I take your point though.

James

Reply to
the_constructor

Yes (not a native speaker)

Mono, ok that is bad, but the incorrect impedance is bad for the frequency response? That could be correctable in the software.

Do you mean How to do it? or How exact it will be? There is an RIAA-plugin for Audacity (that I didn't try because I have a phono preamp)

Reply to
Martin D. Bartsch

Understood.

Very much so. Around 2 k ohms instead of 47 k ohms. Will also heavily load the cartridge, reducing its output, therefore degrading signal to noise ratio. Not to mention that most mic inputs on sound cards are of disgraceful quality to begin with.

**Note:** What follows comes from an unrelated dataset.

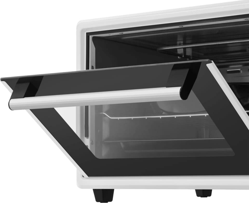 Навесной способ открытия преобладает у настольных моделей: петли в этом случае располагаются слева или справа, а дверца открывается за ручку, расположенную с другой стороны, — так же, как у микроволновки или холодильника. Оригинальна и безопасна выдвижная дверца у электрических духовок — к ней с внутренней стороны прикрепляются все комплектующие, включая противни и направляющие. При выдвижении все они также извлекаются наружу, понижая тем самым риск ожога. Недостаток этого способа — постоянное изменение температуры при каждом открытии дверцы.
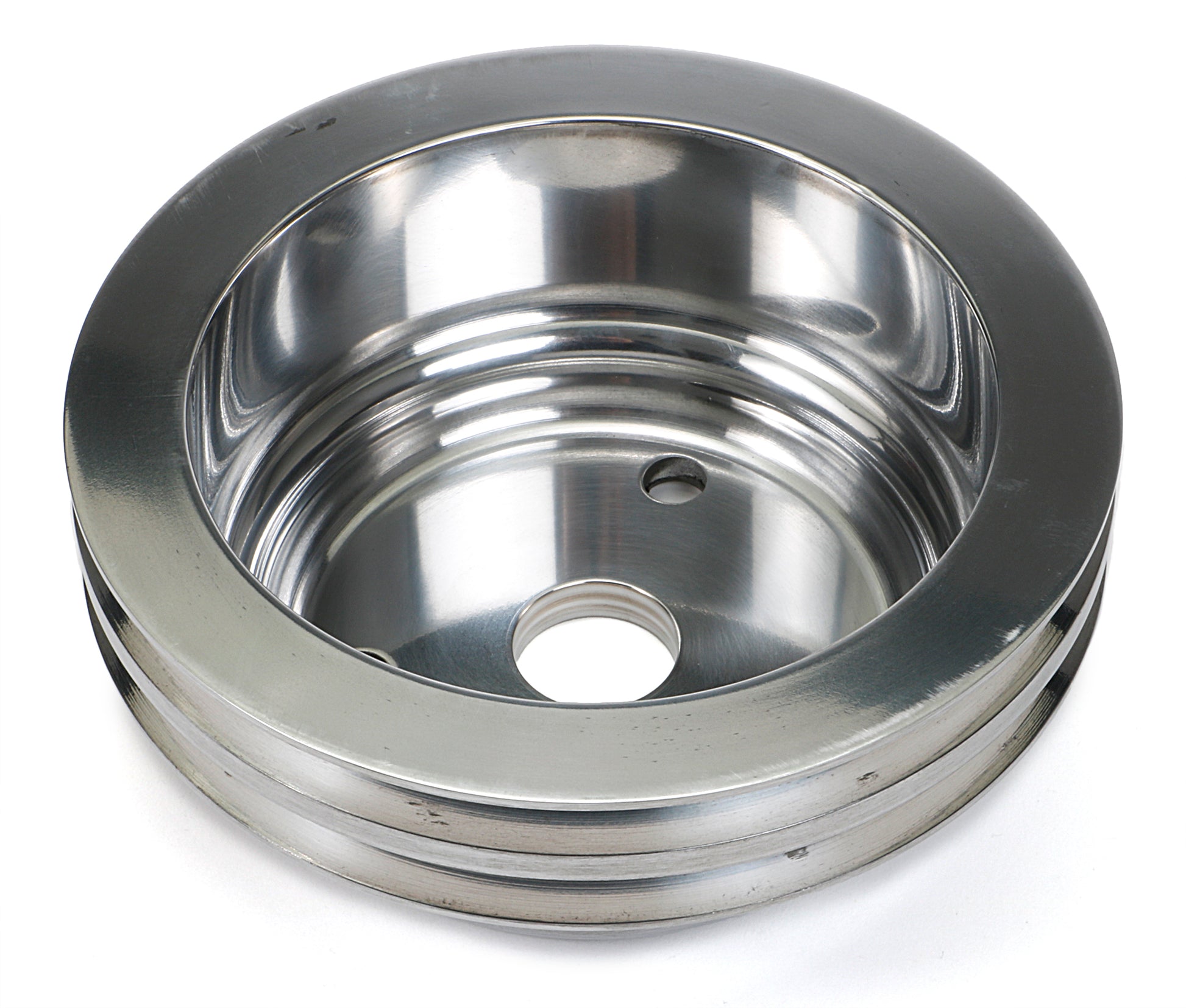 Trans-Dapt Performance Crankshaft Pulley; 2 Groove; 1969-1985 Chevrolet 283-350; Long Water Pump- Polished Aluminum 6057

But how would anyone know how much to correct it ? The data is not available.

I wasn't aware there was a readily 'off the shelf' plugin available.

Graham

Reply to
Eeyore

Find a decent old used hi-fi preamp or receiver. Circa 1970-1985, (Before CD's). That is, one that has TAPE MONITOR outputs. Look for a switch on the front panel.

Hook the turntable output to the PHONO inputs of the receiver. Hook the TAPE MONITOR outputs from the stereo to the LINE INPUT to your sound card. (Power up the receiver, with speakers attached). Set the stereo to PHONO mode.

The tape monitor outputs are the line level of whatever the stereo was selected for playing (records/radio/auxiliary). The TAPE IN inputs could feed the power amplifier directly if the Tape Monitor switch was set to Monitor, otherwise the amp would be outputting what the selector switch was set for.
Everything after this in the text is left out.